San Francisco-based Gymboree is aiming to reduce its debt load t by more than $900 million, and in a statement said it plans to close more than 350 stores as a result of its restructuring (out of a total of 1,281). Ascena is expected to close between 650 and 667 stores across its 4,878-unit portfolio. It is unclear how many Justice stores will be affected by the move.
Retail real estate professionals often have starkly different views on the current state of malls and shopping centers: Is e-commerce killing traditional retail and threatening shopping centers or not? The answer might not be a simple ‘yes’ or ‘no,’ but Ascena executives minced no words in attributing the loss to fewer brick-and-mortar visits.
In an overview of results from its third quarter, which ended on April 29, Mahwah, N.J.-based Ascena noted that total company net sales had dropped to $1.5 billion, an 8.0 percent decrease from the previous quarter. Store traffic was down to low double digits across all of its major business segments, including premium fashion, value fashion and plus-size fashion, according to a company statement.
Tween-centered Justice is one of several apparel brands in its stable. The brand was once a leader in its segment, a place where every tween girl in America thought she needed to shop, says Jan Kniffen, CEO of J. Rogers Kniffen Worldwide Enterprises, an equity research and financial management consulting firm specializing in retail.
In recent years, however, it has faced competition from Carter’s and The Children’s Place, which moved its stores out of malls and improved fashion, pricing and supply chain management. Discount players like Target and H&M have either improved existing or launched new tween apparel departments as well, taken a huge bite out of Justice’s once- huge slice of the tween pie. Another core issue that all children’s and tween apparel retailers must grapple with is pricing pressure, Kniffen notes.
“It is a tough business.
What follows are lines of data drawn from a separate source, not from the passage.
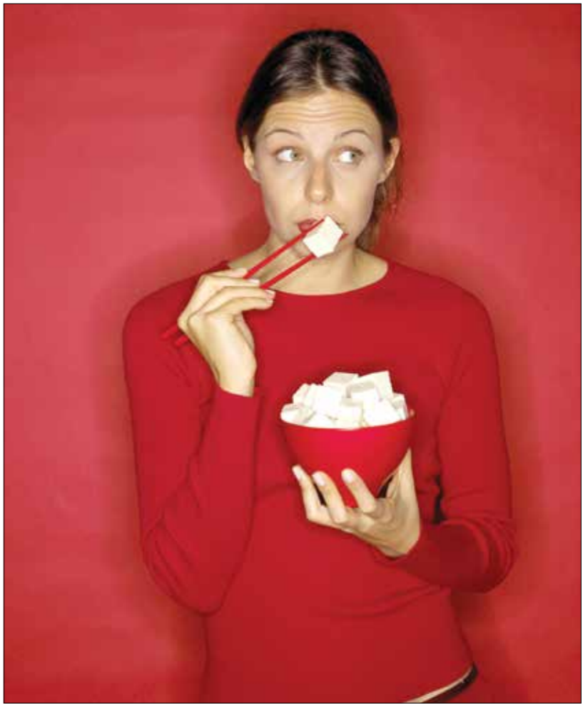
جينة الترموم غيرة البروتين رائد أكس بيكتلتر

الجسم، إضافة إلى غناها بالدهون الأحادية ومجموعة متنوعة من الفيتامينات والمعادن. الكينوا: تتميز الكينوا بغناها بالبروتين، إذ يحتوي كل كوب على 8 غرامات من البروتين، وهو مصدر كبير للبتواسيوم، وهي أحد من الأطعمة النباتية القليلة التي تحتوي على جميع الأحماض الأمينية الأساسية التسعة، كذلك فإنها خالية من الغلوتين، وبالتالي ينصح باستهلاكها كغذاء أساسي بديل من منتجات القمح لمن يعانون من حساسية الغلوتين.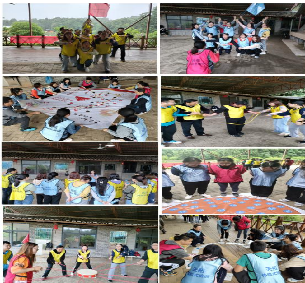
图 8：党史学习教育专题培训班暨辅导员、心理健康教师校外素质拓展训练现场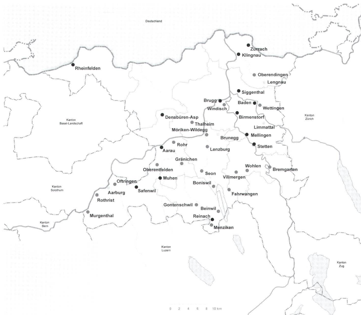
Gründungen von Sektionen: schwarz bis 1920, dunkelgrau bis 1925, hellgrau nach 1925.

und Zofingen im Westen sowie im Seetal und im Wynental lagen. Mit Bremgarten und Wohlen war auch das Freiamt vertreten, ebenso das Fricktal mit Rheinfelden. Nach 1930 entstanden nur noch in Brunegg und Möhlin neue Sektionen. 14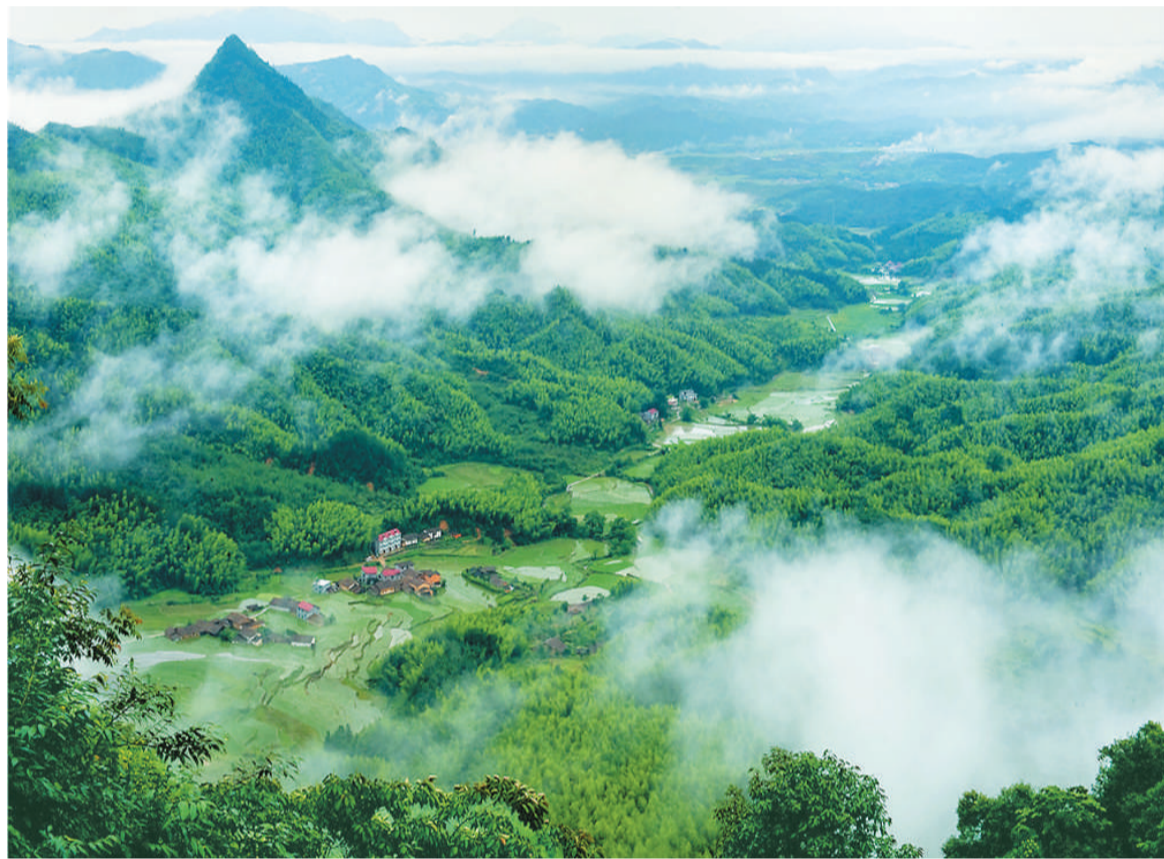
江西省抚州市资溪县风光。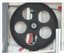
HBS 400 N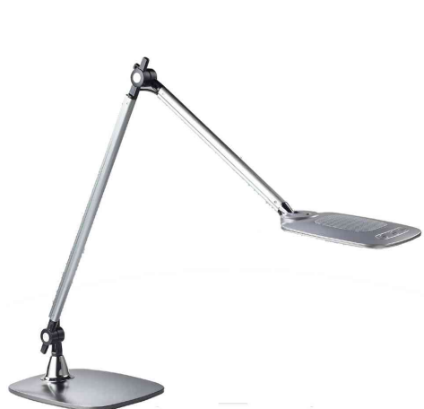
Lampe de table à LED "JIM", argent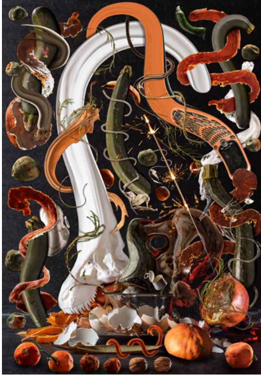
↗ Le 7ème continent, 2022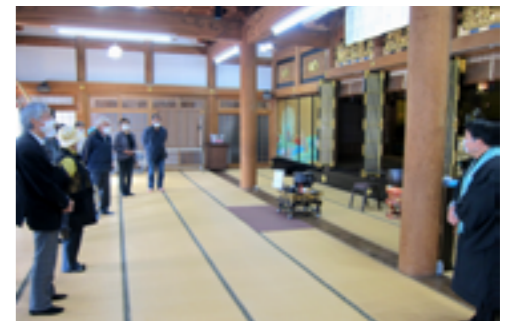
文化史跡めぐり「青淵山寿光寺」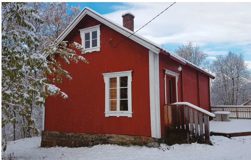
Skolehuset i Evenesdal er i bruk som grendehus.

Røklandsmoen. Støttene ved Krokelva og Bjørnelva ble sprengt i 1950, i seg selv en sterk historie om etterkrigstida. Minnestøttene har høy kulturminneverdi og det må sikres en forsvarlig forvaltning.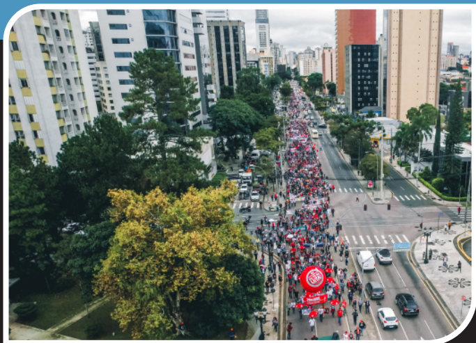
O 29 de abril marcou a retomada das ruas com ato massivo no Centro Cívico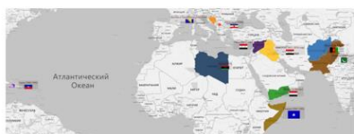
Карта крупных американских военных вмешательств после 1992 г.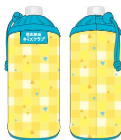
オリジナルペットボトルカバー (チェック柄)

People don’t like to pay up for children’s clothes,” he says. “They don’t last long enough. Children grow out of them. They wreck them. Price has always been extraordinarily important.”
So important, that the average price of an outfit from a children’s or tween apparel retailer has dropped by 40 percent in the last 10 years. Ascena has tried to ease this pricing pressure—across all of its brands—by assembling different retail brands and reducing back-shop costs, Kniffen notes.
“It is a great strategy, but the bad news is the brands haven’t done that well. The reasons are pretty much the same.”
For mall landlords, these latest developments continue a stream of gloomy news that has flowed through the sector all year. The industry has seen about 250 percent more store closures year-to-date than it had for all of 2016, says Kniffen.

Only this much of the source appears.